Supporting journalistic entrepreneurialism & innovation

I’m delighted to announce that I’ve received a $100,000, two-year grant from the McCormick Tribune Foundation to provide seed funding to news start-ups developed by students in my course in entrepreneurial journalism at CUNY’s Graduate School of Journalism. A jury of industry leaders from the media community in New York – experts in content, revenue, marketing, venture capital and startups – are speaking with the class, helping guide students through creating their proposals, and at the end they will select the projects (if any) likely of success as sustainable journalistic enterprises and deserving of investment from the fund. The full announcement is here.

How’s that for cool?

We’re teaching the class for a few reasons. First, it’s more likely than ever that journalism students today will need to work independently — and not just as freelancers banging down the door of major media but also possibly as the proprietors of new enterprises of their own; we’re seeing more and more of that. Second, journalism needs more such sustainable enterprises; this is how it will expand rather than shrink. Third, journalism needs more innovation; I think it will most likely continue to come from without rather than from within the incumbent companies. Fourth, journalists need to better understand the business of media — which they long ignored, because they could afford to — and they must take responsibility for sustaining journalism.
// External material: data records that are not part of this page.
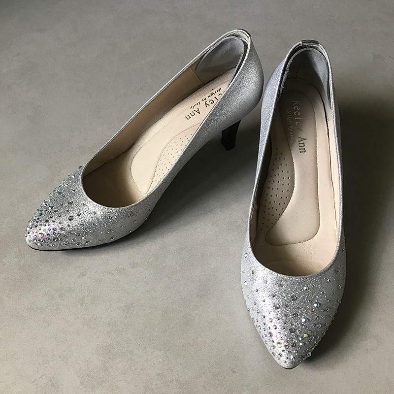 Keeley Ann 婚鞋 23.5號 璀璨光芒~水鑽唯美質感全真皮中跟鞋(銀色)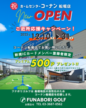 12/10(水)フナボリゴルフの向かいにコーナン江戸川船堀店がオープンします。 フナボリゴルフではオープンを記念して新規入会キャンペーンを実施します。 コーナンのレシートをご提示いただきフナボリゴルフの新規メンバーにご登録されたお客様には、…続きを読む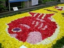 | みゆき通りに入るとすぐ、「2001」というカーペットがありました。赤、黄、紫、ピンク・・・と色とりどりのチューリップの花びらが敷きつめられた通りが、とてもきれいです。ほのかにチューリップの香りがしました。 獅子舞、鯉のぼりのカーペットです。 |

What’s so wonderful about this grant is that it makes all this real. The students are now competing not for a grade but for a chance to create a new product, a business, and a career. They won’t just be producing prototypes that sit on a classroom shelf. And as I told the wonderful folks at McCormick Tribune when we started discussing the idea, this sends a strong and needed message to the industry — that we must invest in innovation and the future, we have to put our money where our mouth is. Well, make that McCormick Tribune’s generously granted money.

I’m having an absolute ball teaching the course, working with the students on their good — possibly great — ideas. It’s as if I’m on the board of 15 startups. They need to create a proposal that covers everything any startup must cover: the need in the marketplace, the content/product/service plan, market research, competitive analysis, a revenue (read: advertising) plan, a marketing (read: viral) plan, an operating plan, a launch plan. We’re digging into each of these, pressing individually and as a group and with our guests to make the ideas better, find and answer the challenges. I’m not trying to turn them into MBAs, but they all must answer the question: why does the market need this and how will sustain itself. Journalistic sustainability is our rallying cry.
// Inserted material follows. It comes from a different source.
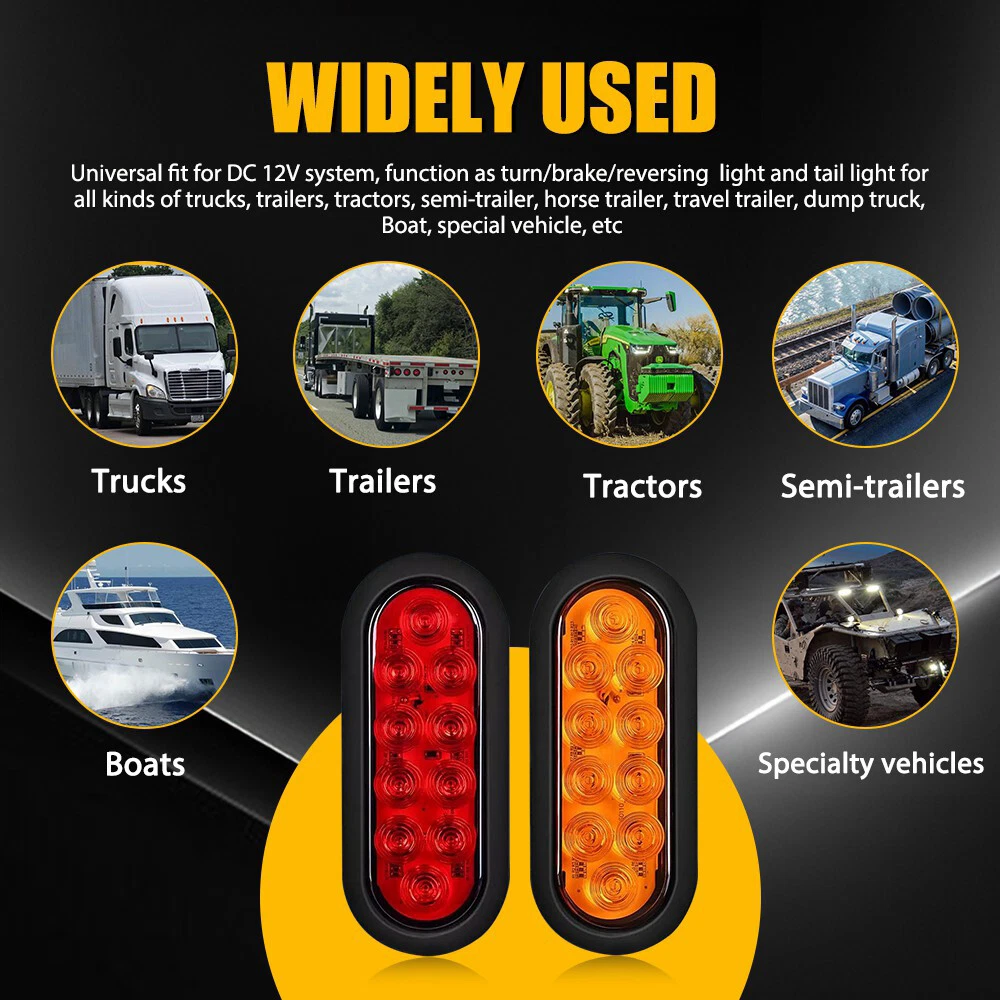 Specification Light color: Amber / Red Shell diameter:6 inches Material:ABS+PC+Rubber+Metal LED quantity:12LED Voltage:12v Waterproof grade:IP67 Service life:50000h+ Features: *Upgraded LED: Each lamp consists of 3030 SMD LED chips with wider lighting angle and better heat dissipation. It is 3 times brighter than other products. *Waterproof: The tail light is highly silicon sealed with an IP67 waterproof rating, which works even under extreme conditions such as rain and snow. *Easy to install: Easy installation with direct replacement, other modifications are not required. *Unique design 4PCS 10LED Amber Red Oval 6Inch Tail Lights w/ Mounting Bracket Trailer Truck Specification Light color: Amber / Red Shell diameter:6 inches Material:ABS+PC+Rubber+Metal LED quantity:12LED Voltage:12v Waterproof grade:IP67 Service life:50000h+ Features: *Upgraded LED: Each lamp consists of 3030 SMD LED chips with wider lighting angle and better heat dissipation. It is 3 times brighter than other products. *Waterproof: The tail light is highly silicon sealed with an IP67 waterproof rating, which works even under extreme conditions such as rain and snow. *Easy to install: Easy installation with direct replacement, other modifications are not required. *Unique design The groove inside the ring has been upgarded, adding three bumps to make the connection between the ring and the taillight tightly.These help the tailights not to fall out and can be firmly fixed the seal ring installed on the mounting bracket.You don't need to worry about the loose lights or wires anymore! *Connection White wire connects to negative. Red wire connects to red / amber light with high brightness Black wire connects to red / amber light with low brightness *Functions It can be used as running lights, brake lights, taillights and so on???/span> *Wide application: Universal Fits All vehicles with 12V Power Supply such as car, truck, trailer, Semi Trailer, Semi Trucks, boat, flatbed, bus, lorry, van, caravan, camper, RV Jeep etc. Note: Please check the detail information carefully before purchasing. Your satisfaction is our utmost concern, please feel free to contact us for any questions and concerns. Package Include: 6Inch Tail Lights w/ Mounting Bracket*4 Item Specifics Brand AUXITO Performance Part Yes Brand AUXITO Lens Color Amber / Red Light Color Amber / Red Manufacturer Part Number Does Not Apply Material ABS PC Placement on Vehicle Rear Diameter 6 inches Voltage 12 V Warranty 1 Year Waterproof IP67 Package Include tail light*4 Lighting Technology LED Housing Color Black Type Tail Light Assembly Items Included Bulbs Features Sealed Assembly Vintage Car Part No Mounting Style Screws Performance Part Yes Universal Fitment Yes Manufacturer Warranty 1 Year Finish Smooth Functions running lights, brake lights, taillights and so on Model Fits All vehicles with 12V Power Supply Payment We can accept payment by credit, debit, and gift cards; Apple Pay, Google Pay, PayPal, and PayPal Credit. Shipping 1. All items will be shipped in 24 hours after receiving your payment . 2. We ship this item to US only via USPS first class mail. It usually takes 3-5 working days to deliver. Returns 1. We offer 60 days return policy. 2. Please contact us within 60 days from the date you receive your package if you have any questions with the products . 3. Refund will be sent after we got your returned package. 4. All returned items should be in the original packaging with tracking number. Contact Us We work from Monday - Saturday 9:00AM - 6:00PM PST, but we will reply you once we get your message .There will be some delay on response if you send message or E-Mail on Sunday. DESCRIPTION PAYMENT SHIPPING RETURN POLICY CONTACT US Hot item Help & Info Payment Policy Shipping Policy Return Policy FAQ About Us 4PCS 10LED Amber Red Oval 6Inch Tail Lights w/ Mounting Bracket Trailer Truck Specification Light color: Amber / Red Shell diameter:6 inches Material:ABS+PC+Rubber+Metal LED quantity:12LED Voltage:12v Waterproof grade:IP67 Service life:50000h+ Features: *Upgraded LED: Each lamp consists of 3030 SMD LED chips with wider lighting angle and better heat dissipation. It is 3 times brighter than other products. *Waterproof: The tail light is highly silicon sealed with an IP67 waterproof rating, which works even under extreme conditions such as rain and snow. *Easy to install: Easy installation with direct replacement, other modifications are not required. *Unique design The groove inside the ring has been upgarded, adding three bumps to make the connection between the ring and the taillight tightly.These help the tailights not to fall out and can be firmly fixed the seal ring installed on the mounting bracket.You don't need to worry about the loose lights or wires anymore! *Connection White wire connects to negative. Red wire connects to red / amber light with high brightness Black wire connects to red / amber light with low brightness *Functions It can be used as running lights, brake lights, taillights and so on???/span> *Wide application: Universal Fits All vehicles with 12V Power Supply such as car, truck, trailer, Semi Trailer, Semi Trucks, boat, flatbed, bus, lorry, van, caravan, camper, RV Jeep etc. Note: Please check the detail information carefully before purchasing. Your satisfaction is our utmost concern, please feel free to contact us for any questions and concerns. Package Include: 6Inch Tail Lights w/ Mounting Bracket*4 Payment Shipping Returns Contact Us We can accept payment by credit, debit, and gift cards; Apple Pay, Google Pay, PayPal, and PayPal Credit. 1. All items will be shipped in 24 hours after receiving your payment . 2. We ship this item to US only via USPS first class mail. It usually takes 3-5 working days to deliver. 1. We offer 60 days return policy. 2. Please contact us within 60 days from the date you receive your package if you have any questions with the products . 3. Refund will be sent after we got your returned package. 4

I am also privileged to assemble what is essentially a first-class board for the businesses in the form of the experts who are now speaking with the class. First, I had in Steven Johnson, founder of Feedmag, Plastic.com, and Outside.in — one of the first journalists to make his career on the internet, a true entrepreneurial journalist. Next, Jim Kennedy, head of strategy for the Associated Press and thus the chief strategist of the newspaper industry. I just love that Jim pushed the students farther than they or I had, telling them after he heard their ideas they they had good ideas for sites but they were still just sites. What’s coming next? he asked. And some students came up with inspired answers. Yesterday, I had in Joan Feeney, my partner in the development and launch of Entertainment Weekly; creator of CondeNet’s Epicurious, Style, Concierge and other sites, and a genius at other launches. She generously spent three hours giving the students her distilled experience from launching new editorial products and they soaked it up. I’m bringing in more experts in venture capital, revenue/advertising, marketing, design, and such. And I’m sharing my experience, good and bad. The first week, I gave them my original memo proposing Entertainment Weekly from 1984, then the memo from on high rejecting the idea (because, said Henry Grunwald, then editor in chief of Time Inc., one magazine cannot possibly serve TV and books because people who watch TV do not read), and the business plan that led to the magazine’s launch in 1990. But what’s also great is that the students are helping each other; yesterday’s class ended with a great dialogue that helped focus and advance one student’s idea and that’s what we’re going to do again next week.

The students’ ideas are impressive but I’m not going to tell you what they are, not yet, in case one of them turns out to be the next Google. (In which case, I’ve told them, I hope they remember their school and donate a fortune.) We’ll share more when we can.